-- WORK ORDER --
Every line of the records must be repeated exactly; pictures stay out.

(Data entries)
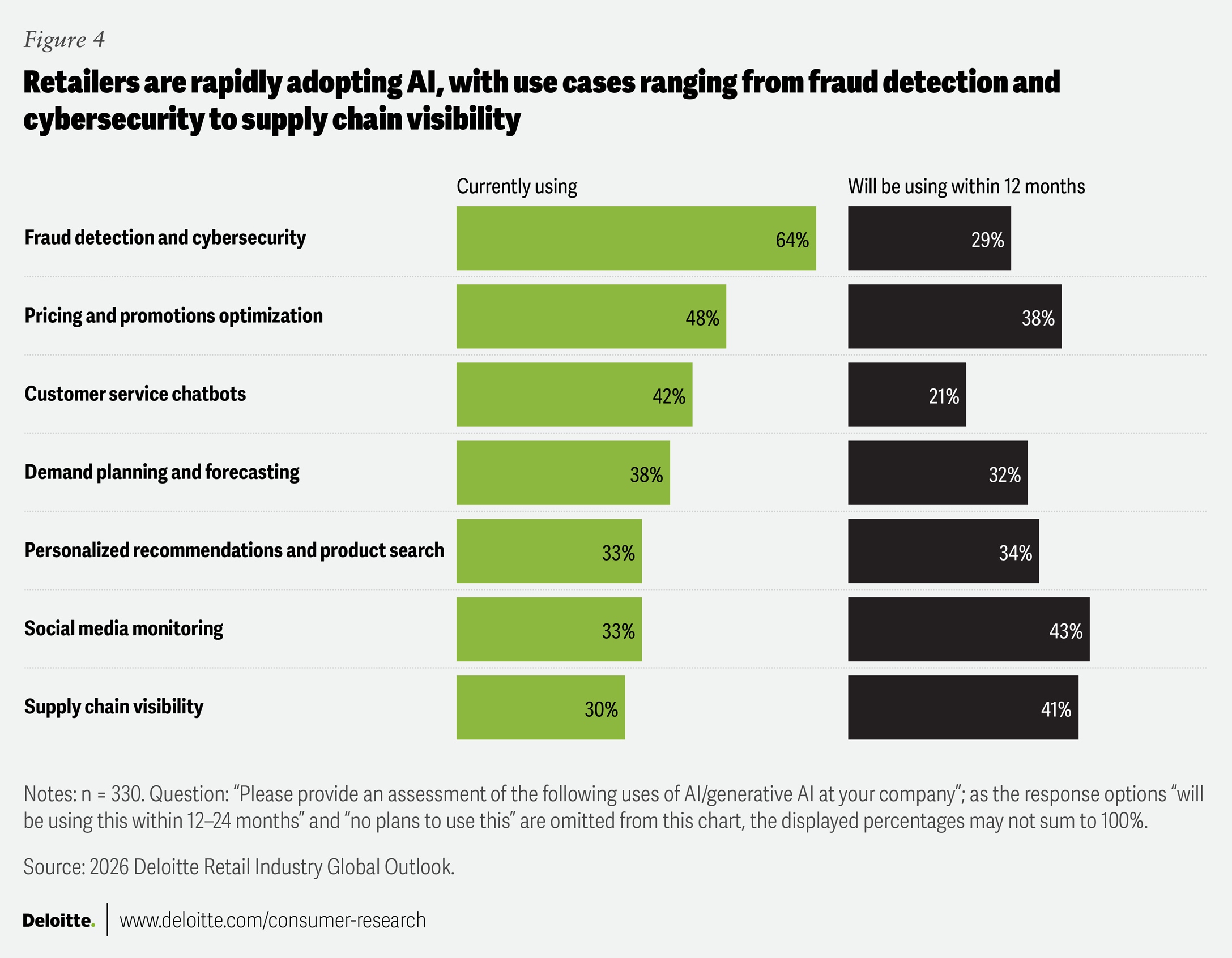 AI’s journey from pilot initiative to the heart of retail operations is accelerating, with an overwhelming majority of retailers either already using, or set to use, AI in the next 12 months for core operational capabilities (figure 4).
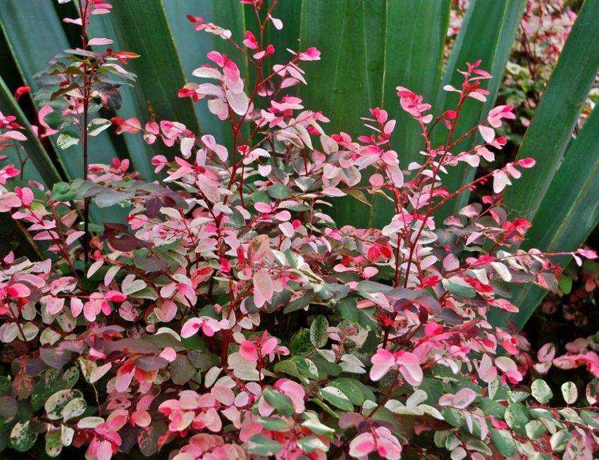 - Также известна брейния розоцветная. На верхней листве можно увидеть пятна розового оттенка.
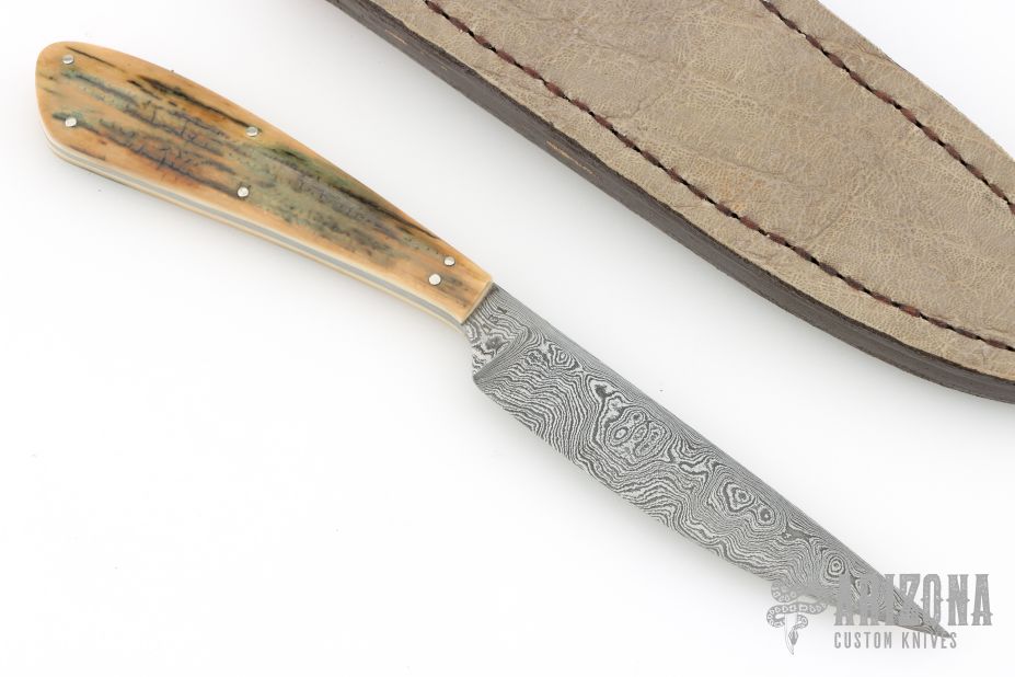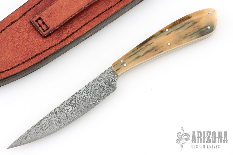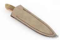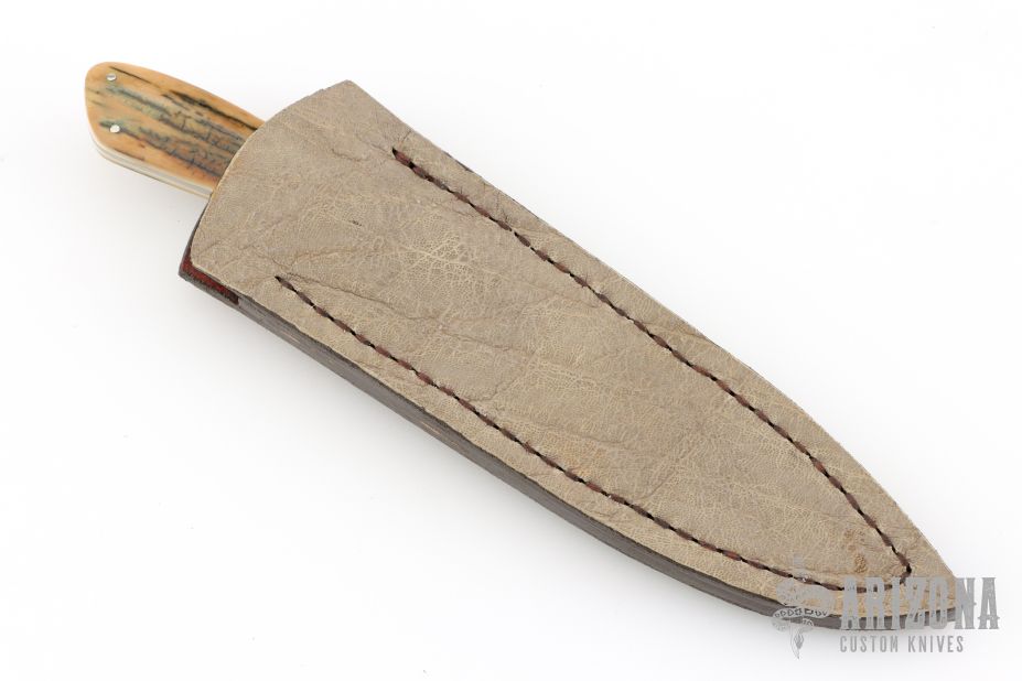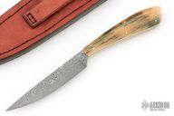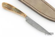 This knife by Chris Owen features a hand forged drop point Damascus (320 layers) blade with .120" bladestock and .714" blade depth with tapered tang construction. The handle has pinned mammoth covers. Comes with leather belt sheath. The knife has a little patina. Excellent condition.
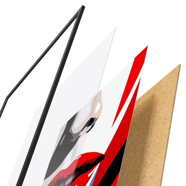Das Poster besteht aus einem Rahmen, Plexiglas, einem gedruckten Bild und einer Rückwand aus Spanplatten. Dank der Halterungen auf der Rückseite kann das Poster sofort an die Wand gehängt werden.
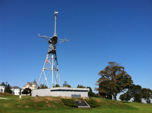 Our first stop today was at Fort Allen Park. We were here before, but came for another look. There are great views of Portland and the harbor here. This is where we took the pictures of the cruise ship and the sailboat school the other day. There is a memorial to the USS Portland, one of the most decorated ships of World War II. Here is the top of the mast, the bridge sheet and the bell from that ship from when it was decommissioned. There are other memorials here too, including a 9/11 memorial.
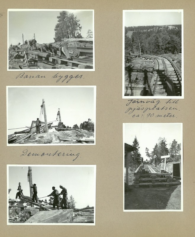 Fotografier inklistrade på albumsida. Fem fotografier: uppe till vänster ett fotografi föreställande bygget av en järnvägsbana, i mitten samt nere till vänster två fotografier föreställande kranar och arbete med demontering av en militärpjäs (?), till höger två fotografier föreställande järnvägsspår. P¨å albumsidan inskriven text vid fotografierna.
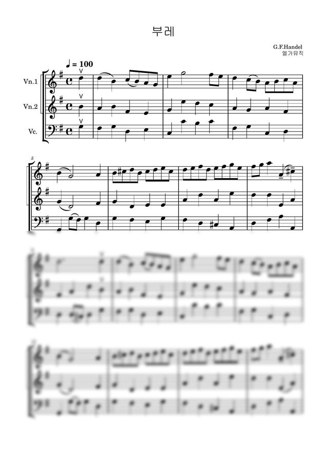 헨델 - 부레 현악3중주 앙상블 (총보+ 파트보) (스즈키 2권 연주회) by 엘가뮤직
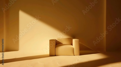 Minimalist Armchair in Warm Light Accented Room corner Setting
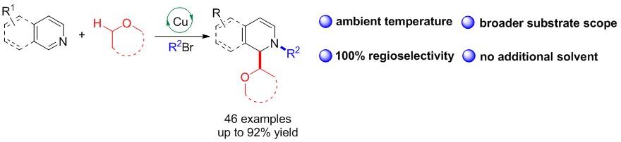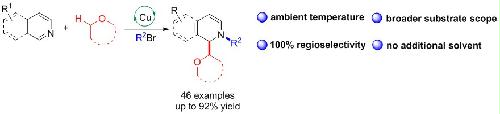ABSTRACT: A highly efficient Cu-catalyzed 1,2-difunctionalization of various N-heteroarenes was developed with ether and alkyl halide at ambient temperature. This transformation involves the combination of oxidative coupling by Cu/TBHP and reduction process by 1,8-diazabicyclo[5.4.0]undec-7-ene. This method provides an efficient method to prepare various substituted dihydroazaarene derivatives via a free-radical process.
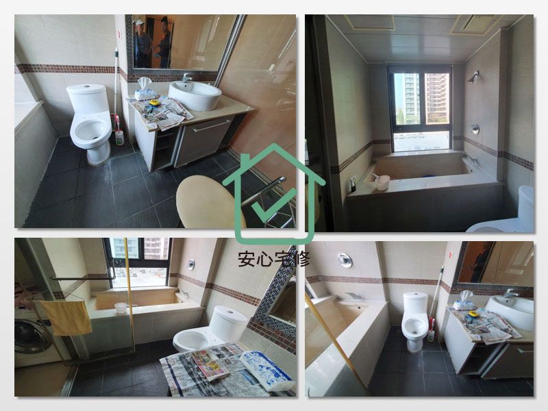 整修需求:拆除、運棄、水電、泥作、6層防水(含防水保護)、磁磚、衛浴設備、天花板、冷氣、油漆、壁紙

-- RESULT --
 AI’s journey from pilot initiative to the heart of retail operations is accelerating, with an overwhelming majority of retailers either already using, or set to use, AI in the next 12 months for core operational capabilities (figure 4).
 - Также известна брейния розоцветная. На верхней листве можно увидеть пятна розового оттенка.
 This knife by Chris Owen features a hand forged drop point Damascus (320 layers) blade with .120" bladestock and .714" blade depth with tapered tang construction. The handle has pinned mammoth covers. Comes with leather belt sheath. The knife has a little patina. Excellent condition.
Das Poster besteht aus einem Rahmen, Plexiglas, einem gedruckten Bild und einer Rückwand aus Spanplatten. Dank der Halterungen auf der Rückseite kann das Poster sofort an die Wand gehängt werden.
 Our first stop today was at Fort Allen Park. We were here before, but came for another look. There are great views of Portland and the harbor here. This is where we took the pictures of the cruise ship and the sailboat school the other day. There is a memorial to the USS Portland, one of the most decorated ships of World War II. Here is the top of the mast, the bridge sheet and the bell from that ship from when it was decommissioned. There are other memorials here too, including a 9/11 memorial.
 Fotografier inklistrade på albumsida. Fem fotografier: uppe till vänster ett fotografi föreställande bygget av en järnvägsbana, i mitten samt nere till vänster två fotografier föreställande kranar och arbete med demontering av en militärpjäs (?), till höger två fotografier föreställande järnvägsspår. P¨å albumsidan inskriven text vid fotografierna.
 헨델 - 부레 현악3중주 앙상블 (총보+ 파트보) (스즈키 2권 연주회) by 엘가뮤직
 Minimalist Armchair in Warm Light Accented Room corner Setting
ABSTRACT: A highly efficient Cu-catalyzed 1,2-difunctionalization of various N-heteroarenes was developed with ether and alkyl halide at ambient temperature. This transformation involves the combination of oxidative coupling by Cu/TBHP and reduction process by 1,8-diazabicyclo[5.4.0]undec-7-ene. This method provides an efficient method to prepare various substituted dihydroazaarene derivatives via a free-radical process.
 整修需求:拆除、運棄、水電、泥作、6層防水(含防水保護)、磁磚、衛浴設備、天花板、冷氣、油漆、壁紙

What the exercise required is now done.